Surgical robots offer more dexterity than traditional laparoscopic instrumentation and provide surgeons with 3-D, high-resolution visuals capable of magnifying the surgical site. The technology facilitates the performance of minimally invasive procedures and has been heralded by some experts as the most significant technologic advancement in the surgical field in decades, according to a 2017 report from U.S. News & World Report.

The implementation of this technology has increased substantially over the last 10 years. In a 2017 study, researchers at Stanford (Calif.) University School of Medicine analyzed data on kidney removal procedures compiled by 416 hospitals from 2003 to 2015. In 2003, just 1.5 percent of these procedures were robot assisted. By 2015, the percentage of robot-assisted procedures increased to 27 percent.

While robot-assisted laparoscopic surgery seems positioned for further adoption in coming years, the equipment carries a hefty price tag in the millions. Such an investment can prove fiscally challenging for smaller community hospitals without the financial clout of large academic medical centers.

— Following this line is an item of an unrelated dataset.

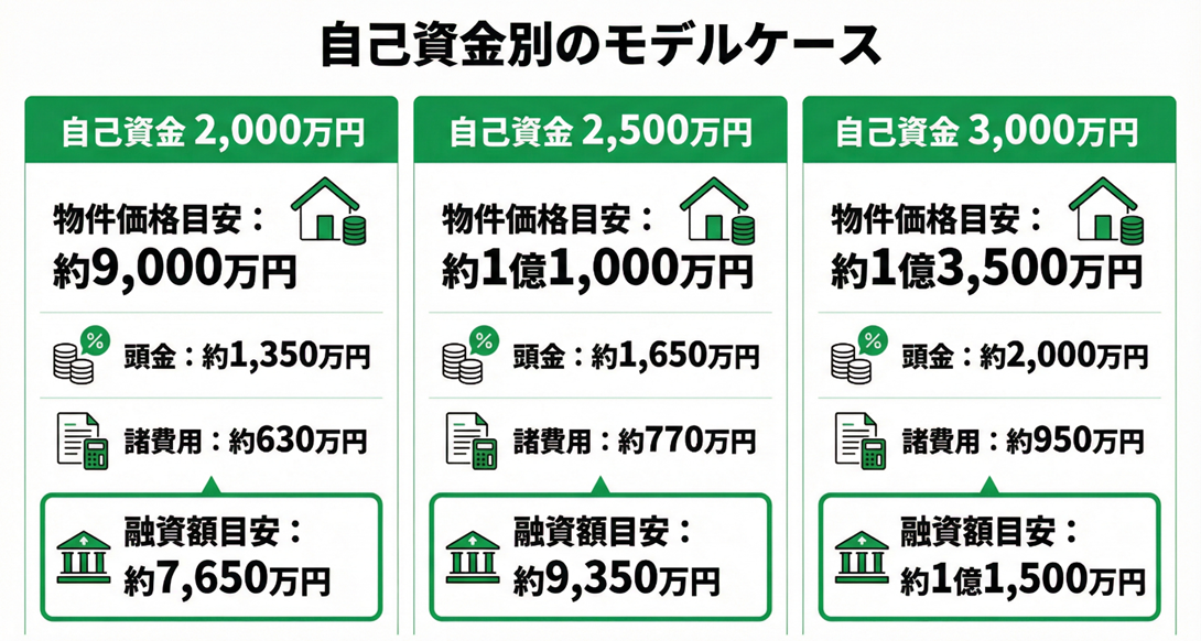 - 自己資金2,000万〜3,000万円であれば、融資条件次第で7,000万〜1億5,000万円程度の物件取得が視野に入る

During a Feb. 28 webinar sponsored by Olympus and hosted by Becker's Hospital Review, Kent Bowden, DO, general surgeon with Munson Healthcare Cadillac (Mich.) Hospital, discussed his organization's experience when assessing the value of a robot-assisted laparoscopic system implementation at a 47-bed community hospital with a $32 million annual operating room budget.

Find the sweet spot

To determine whether to implement a robotic-assisted surgery program at Cadillac Hospital, leadership hired an independent consulting firm for guidance. After a months-long analysis, the firm came back with a list of recommendations to maximize the value of implementing a Da Vinci robotic system. The list included reducing readmissions and surgical site infections, limiting the number of instruments used per surgery and reducing the hospital's cut-to-close times. The consulting firm determined that achieving these improvements would make the hospital quality and price competitive for patients seeking laparoscopic procedures, thereby improving the hospital's payer mix.

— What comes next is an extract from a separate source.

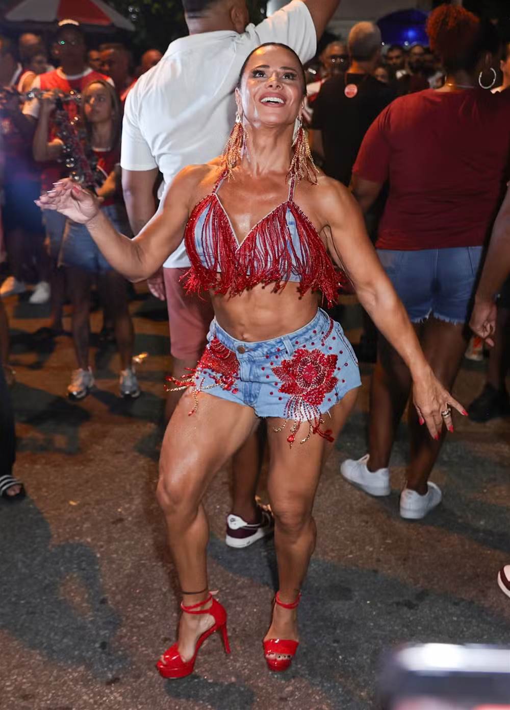A atriz esbanjou samba no pé e carisma ao som do samba enredo que homenageia a carnavalesca Rosa Magalhães. Para a noitada de samba, ela recebeu o marido, o empresário Guilherme Militão, com quem trocou beijos, e apostou em um look de top vermelho com franjas e um shortinho jeans, que trazia detalhes da mesma cor da escola.

Hospital leadership found the consulting firm's recommendations comparable to the goals of most surgical quality improvement initiatives — but were unconvinced the Da Vinci model was best suited to their needs. The hospital needed a high-functioning, high-value product that would create a surgery services "sweet spot" where surgical teams could leverage new technology to achieve optimal outcomes at minimal costs.

"We wanted to be able to reach some of the dexterity and some of the mobility that you have with Da Vinci, but we wanted to do it at a cost that was more in line with [traditional] laparoscopy," said Dr. Bowden during the webinar.

While traditional laparoscopic equipment comes at a low cost, it also has limited function and dexterity compared to robotic-surgical solutions. However, products like Olympus' ENDOEYE FLEX 3D camera system and FlexDex, a minimally invasive surgical tool that allows for wristed-laparoscopy, can deliver a comparable experience to robotic-assisted surgery. When used dually, the products grant surgeons improved mobility and depth perception compared to traditional laparoscopy equipment — at a lower cost than the latest robotic tools.

"When we looked at FlexDex, we basically found that with the cost we were paying for different things such as tackers, endo-stitches and endo-stich reloads … FlexDex would be essentially cost-neutral but would give me the tactile ability to emulate what is being done on the Da Vinci platforms," Dr. Bowden said.

The hospital opted to implement FlexDex. Dr. Bowden said the equipment and an altered suture supply better suited for the technology allowed him to have "better fixation," treat large inguinal hernias and accomplish "better peritoneal closure[s]."

A low-maintenance timesaver

With both the FlexDex and ENDOEYE FLEX 3D in play, Dr. Bowden reduced his time in the operating room by about 18 percent. The time savings is significant, as each hour in the OR at Cadillac Hospital amounts to about $5,000 in overhead costs. When surgeries exceed an hour, each extra minute is associated with an average cost of $289. 

For turnover times to remain low, surgeons must maximize the utility of their time in the OR when it is fully staffed. The combined use of ENDOEYE FLEX 3D and FlexDex permitted Dr. Bowden to achieve strong success in this regard by enhancing his surgical efficiency and precision.

Additionally, the equipment does not require the annual maintenance costs related to computerized robotics, which can range from $150,000 to $175,000. Also, the devices do not require annual or biannual software updates or special staffing requirements.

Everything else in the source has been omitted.